\[Editor's Note: Do you have a security-related question about Windows NT 4.0? Send it to [email protected], and you might see the answer in this column!\]
My company's demilitarized zone (DMZ) hosts several NT 4.0-and Microsoft Internet Information Server (IIS) 4.0-based Web servers, which all run Service Pack 6 (SP6) and have the latest security hotfixes. To run regular security audits and apply security settings on these systems, I'd like to use the Security Configuration Editor (SCE), but I don't want to open a potential security hole by installing SCE on the Web servers in my DMZ. How can I leverage SCE's functionality without installing it?
Let's start with a short introduction to SCE, which is a security-management utility that ships with SP4. You can use SCE to analyze and change security settings on NT systems. To use SCE, use the Microsoft Management Console (MMC) Security Configuration Editor snap-in or the secedit.exe command-prompt executable. You define the SCE's security settings in template files (i.e., .inf files). You can modify the templates with the MMC Security Templates snap-in or with a simple text editor. The templates' default location is the \%systemroot%\winnt\security\templates folder. To store its configuration information and analysis results, SCE uses a dedicated Joint Engine Technology (JET)-based database. The database's name is secedit.sdb, and its default location is the \%systemroot%\winnt\security\database folder. If you've never run SCE on a system, the database won't exist on that system.

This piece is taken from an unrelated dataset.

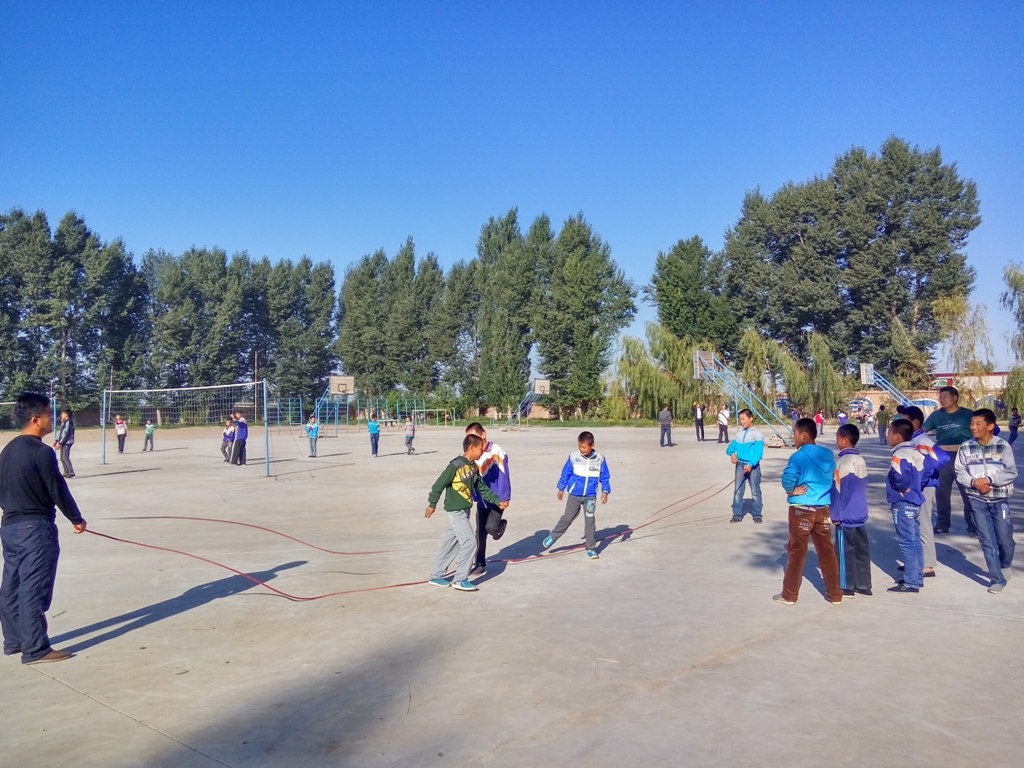 今天早上,阳光灿烂,我们在操场上参加大课间活动。大课活动内容丰富:打篮球、打排球、踢足球、踢毽子、跳绳、跳皮筋、打羽毛球、打乒乓球等,同学们可以自由选择自己喜欢的项目进行活动。

You don't need to install the SCE to use it; you can run it from a 3.5" disk. The disk must contain the following files (which you can obtain from a system running SP4 or later that has SCE installed): secedit.exe (the SCE command-prompt executable), scedll.dll, esent.dll, and the template (e.g., myhost.inf) you want to use. Scedll.dll provides the SCE's core functions. Esent.dll contains the SCE's database logic and provides access to the SCE database. If you're running SCE on a pre-SP4 system, you also need to copy wldap32.dll to the 3.5" disk.

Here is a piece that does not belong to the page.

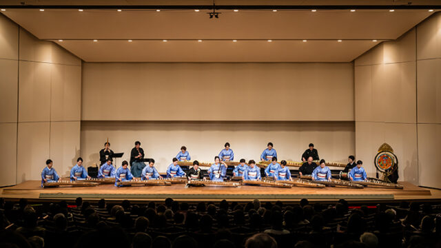 同合奏団を主宰する宮城宗家牧瀨裕理子、宮城合奏団員13人、山本邦山(尺八)が来米し、演奏を披露する。演奏曲は、宮城道雄「さくら変奏曲」、宮城道雄「水の変態」、牧野由多可「琉球民謡による組曲」、尾上の松(宮城道雄 箏手)、宮城道雄「春の海」(箏、フルート)、宮城道雄「越天楽変奏曲」。「越天楽変奏曲」では、コロンビア大学雅楽アンサンブルメンバーも加わり20人近くで演奏する。

To use the disk to run an SCE analysis on a system, insert the disk in the system's 3.5" drive. At a command prompt, switch to that drive letter and type
secedit /analyze /cfg myhost.inf /db %temp%\myhost.sdb /verbose /log %temp%\scelog.txt
where myhost.inf is the template file you want to use for your analysis, %temp%\myhost.sdb is the location and name of the SCE database, and %temp%\scelog.txt is the location and name of the SCE log file. The /analyze switch tells SCE to analyze your system's security settings. The /cfg switch specifies the template file you want to use for your analysis. The /db switch specifies the location and name of the SCE database (if no database is available, SCE creates one). The /verbose switch adds detailed progress information to the tool's log file. The /log switch specifies the location and name of the SCE log file.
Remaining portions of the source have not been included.